The balance has to be exactly right. If you give too much of the anticoagulation drugs, the patient can bleed at the site of the surgery. And there are other potential complications.

But now, we have begun giving patients simple low-dose aspirin.  To see if aspirin is as good as the other agents in patients undergoing total joint replacements, we did a randomized study and came across a very interesting finding. We found that patients who received aspirin had a lower incidence of VTE than on Coumadin. We were surprised. We figured it would be as good, but it was actually better. This is partly because Coumadin takes a few days to reach full effectiveness.

We found that aspirin had other beneficial effects. It doesn't cause hematoma. It doesn't cause bleeding from the wound. It doesn't cause persistent drainage from the wound. And then, interestingly, aspirin also reduces the incidences of fever in the post-operative period.

Aspirin doesn't need blood monitoring and testing like Coumadin does. Also, after surgery, patients are at risk of developing heart-related issues and strokes. Aspirin helps protect these patients.

And it's extremely cheap.  Here's the math: We do 1.2 million joint replacements a year in the U.S. Many are initially prescribed low-molecular-weight heparin, a drug that costs roughly $100 a day, for 30 days. It's a massive cost for a drug that is no better than aspirin. Plus, heparin has to be injected.

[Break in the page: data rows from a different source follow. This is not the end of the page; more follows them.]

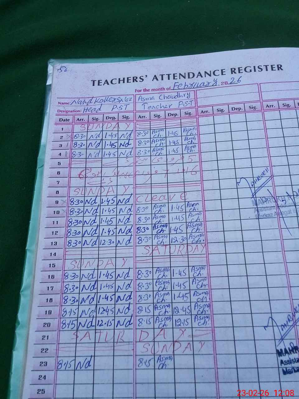 | Name: NA**** KO**** Designation: (School Headmaster's/Headmistress's) PST/PTC/JV Phone/Cell Number: 03**** |
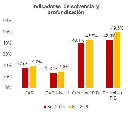 Según el Informe de Estabilidad Financiera del BCP, en el tercer trimestre del año los indicadores de solvencia financiera superan los requerimientos mínimos de suficiencia de capital: el ratio de capital principal sobre activos y contingentes ponderados por riesgo (CAR Nivel 1) se ubicó en 14,6%, mientras que el ratio de capital regulatorio sobre activos y contingentes ponderados por riesgo (CAR) fue de 19,2%, siendo los mínimos exigidos de 8% y 12%, respectivamente.
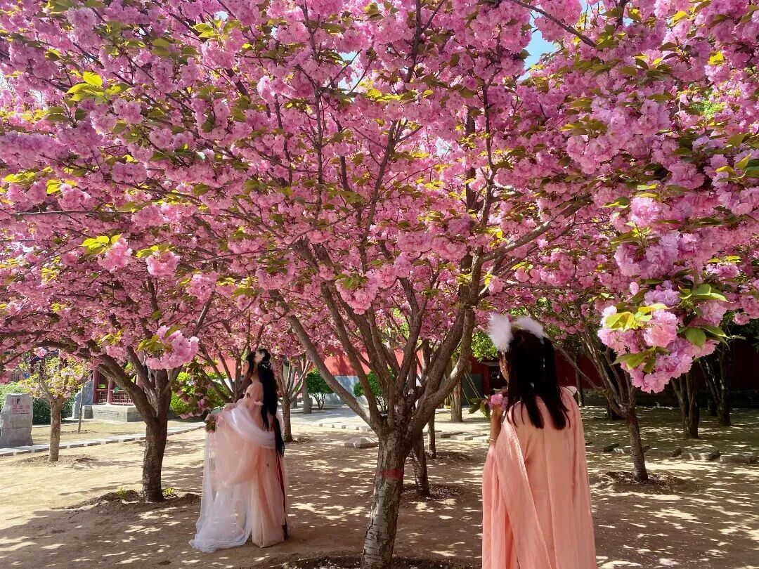 粉云似海,落英成阵,灿若云霞的花瓣层层叠叠,把千年古刹的厚重与春日的雅致揉在了一起。
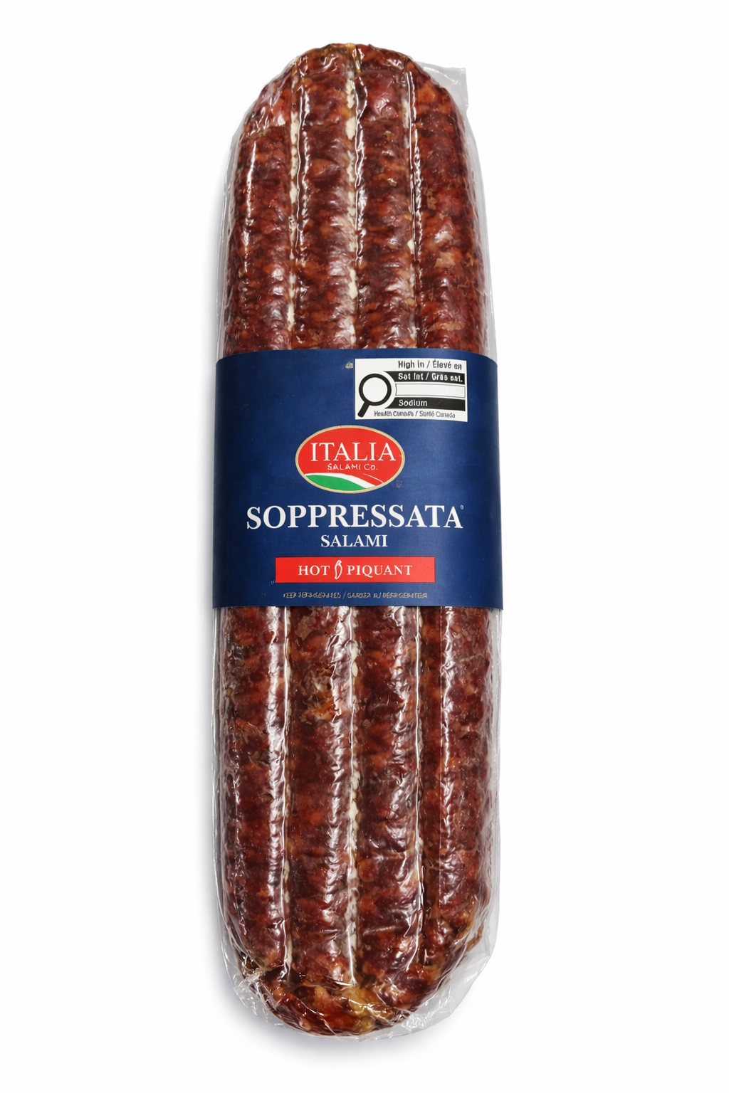 Italia Soppressata Salami is a rustic style salami, made from lean choice cuts of 100% pork. It's a salami of a medium grind, pressed carefully and seasoned with a distinct blend of premium spices. Naturally aged to produce a unique flavour and texture with no fillers, starter culture or MSG added. This salami comes in hot or mild flavours, large or small sizes.
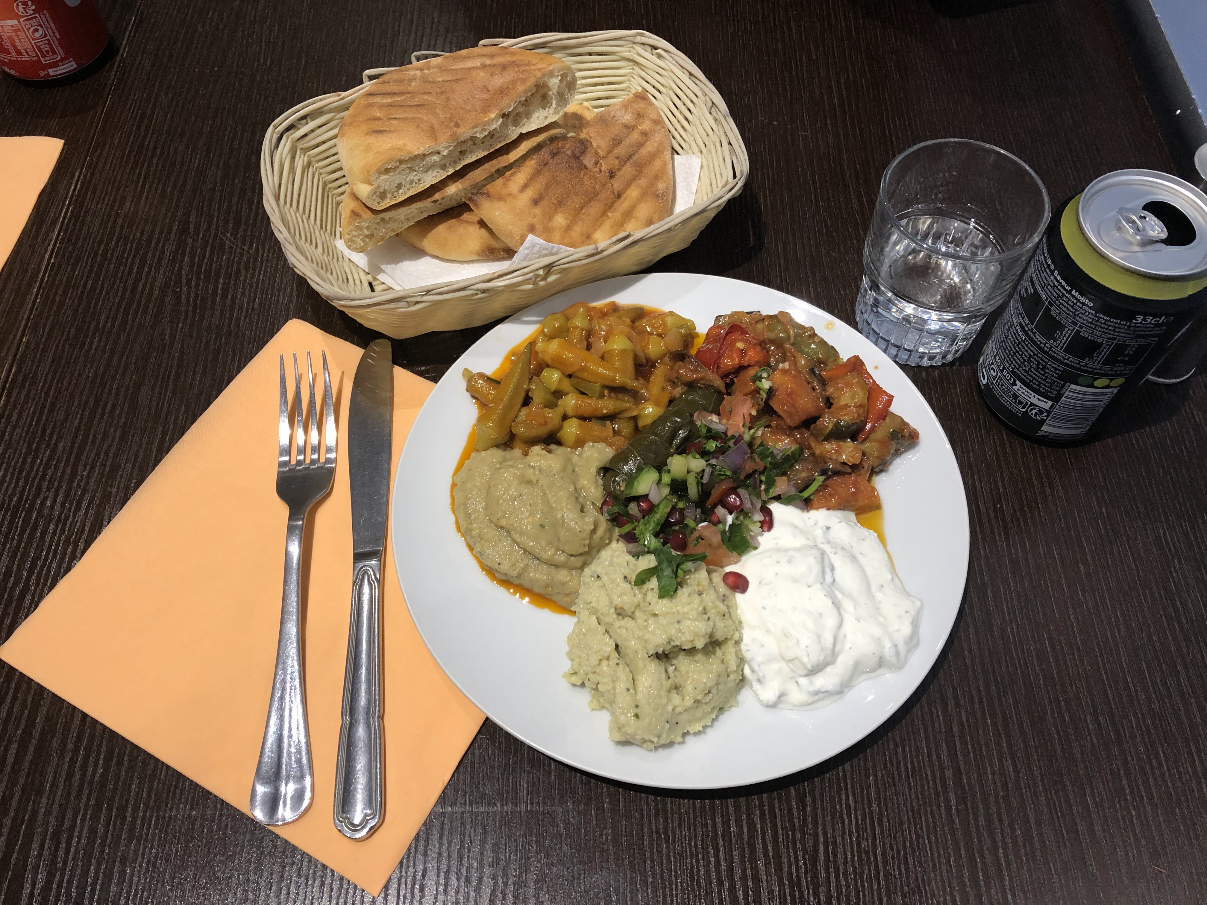 Parfait équilibre qualité/prix. Pour 7 € vous pouvez choisir une assiette avec 7 petits plats. C'est toujours frais et savoureux. La plupart des plats sont végétariens, mais il existe également des plats à base de viande. Avec l'assiette à 7 € on vous proposera un thé qui est très bon aussi. Le propriétaire est toujours sympathique. L'endroit où vous souhaitez revenir.

Imagine the convenience of going home with aspirin, instead.

Each year, we take a survey in our annual meeting of the American Association of Hip and Knee Surgeons, asking how many surgeons use aspirin for their patients undergoing joint replacement. Ten years ago, it may have been 5 percent.  In a recent survey, more than 86 percent of surgeons said they were using aspirin as the main modality for prevention of VTE after joint replacement surgery.

Now, let's link back to genetics. Patients who develop VTE have a genetic predisposition. What if we could identify which patients are at higher risk of VTE after joint replacement?  Maybe we will give them aggressive anti-coagulants. But for patients who don't have high risk of VTE, what if we don't give them anything? That individualization is going to happen fairly soon.

What does all this say about the future of joint replacement surgery? 

We will be moving toward individualization of care. Genomics will come to our aid in the first place by helping us know who is at risk of developing diseases. We will know more about what causes arthritis of the hip and knee and perhaps have measures to prevent people from developing the disease in the first place. We will know more about the microbiome makeup, and that may allow us to manipulate it and prevent disease. Knowing the microbiome will also give us better ability to deal with infection of the joint, when it arises. Then it will allow us to monitor the response of these patients to therapies that we implement.